Работая в Петербургском и Московском университетах, Вернадский все свои курсы читал с точки зрения развития научной мысли, ставя в их основу историю науки. В научных кругах ещё до революции 1917 года широкую популярность получили его лекции по истории естествознания, в которых он подчёркивал, что история науки – не только история научных идей, но и история личностей, олицетворяющих эти идеи. Вернадский доказывал, что наука является важнейшим двигателем человеческой истории, что такие, казалось бы, «невесомые ценности», как научные мысли и открытия, «меняют ход процессов биосферы, окружающей нас природы».
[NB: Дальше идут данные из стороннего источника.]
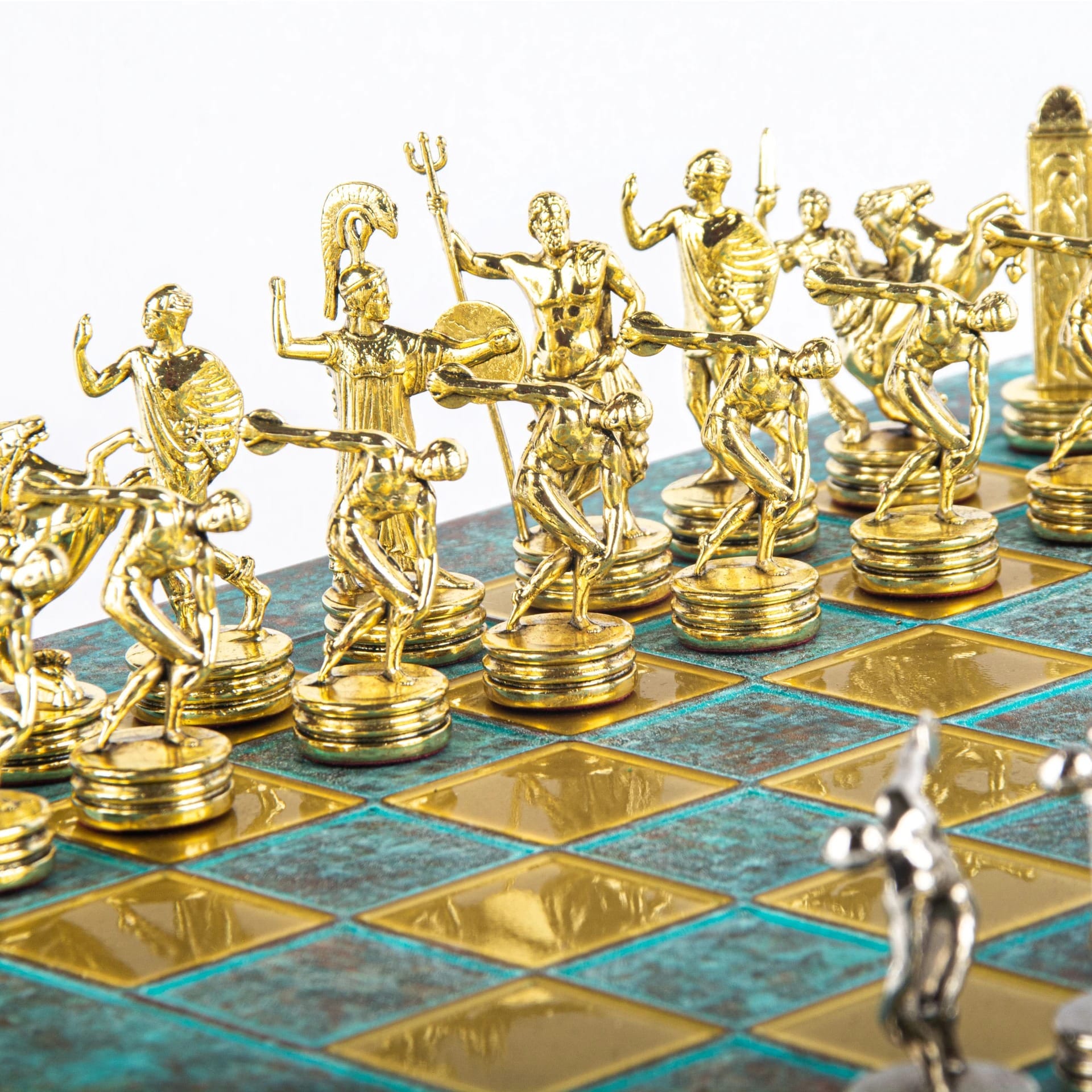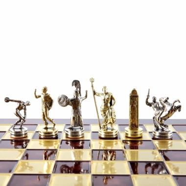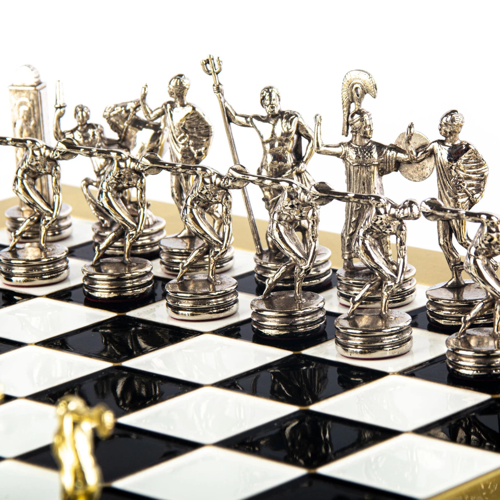 Descubre la elegancia de este conjunto de juego de ajedrez inspirado en los lanzadores de disco. Diseñado para los amantes de los juegos de ajedrez y los coleccionistas, este conjunto magnifica cada partida con piezas en metal plateado y dorado, que representan a los lanzadores de disco, símbolos de fuerza y precisión. Tienen una altura de rey de 6,5 cm.
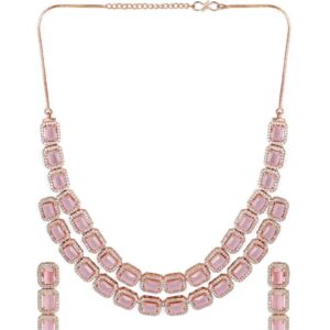 It’s a Necklace Set fit for the queens! Exude the royal vibe with this stone studded Necklace Set. Consisting of a necklace, matching earrings, this Necklace Set is crafted from gold-plated brass, stones and beads. Occasion : Bring your style to a whole new level with this handcrafted piece of jewellery. When you’re celebrating a special Occasion : – a birthday, wedding, or personal milestone – this piece adds that extra something that makes us feel special and looking our best. Material & Care Dimension :Necklace 38 cm, Earrings 4.2 cm Material : Copper Care Label : It is advisable to avoid contact with water and organic chemicals i.e. perfume sprays. Store jewellery in airtight box. After use, wipe the jewellery with soft cotton cloth
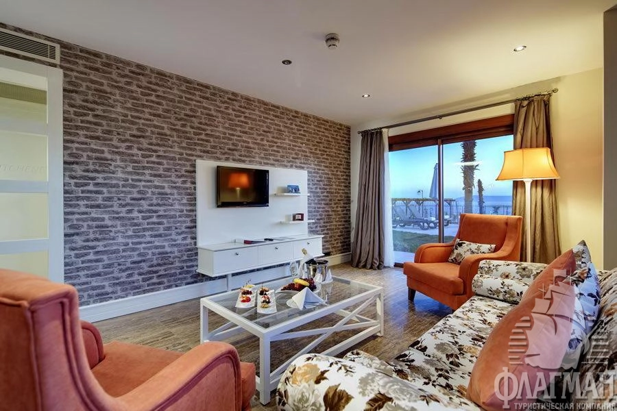 6 двухкомнатных club deluxe suite room (вид на море, гостиная, спальня с дверью, макс. 4+1 чел., 67–69 м2);

При определении научных предпочтений в молодом возрасте Владимиру пришлось выбирать между геологией и историей. Он выбрал геологию, но интерес к истории сохранял до конца жизни, поощряя своего сына, проявившего тягу к историческим исследованиям, всегда живо интересуясь его трудами. Не случайно Вернадский-младший стал известным историком, одним из создателей интересной и перспективной научной школы, названной «евразийской». К «евразийству» мысль Георгия Владимировича двинулась под влиянием его отца, о чём свидетельствует лишь один факт: в 1914 году в журнале «Русская мысль» Вернадские опубликовали статьи, связанные общим смыслом и посвящённые динамичному продвижению русских на восток. Георгий в статье, названной «Против солнца», повествовал о политических, дипломатических, хозяйственных аспектах русского землепроходства в сторону Тихого океана, а Владимир Иванович писал о научном освоении азиатской России, раскрывал значение великих сибирских экспедиций.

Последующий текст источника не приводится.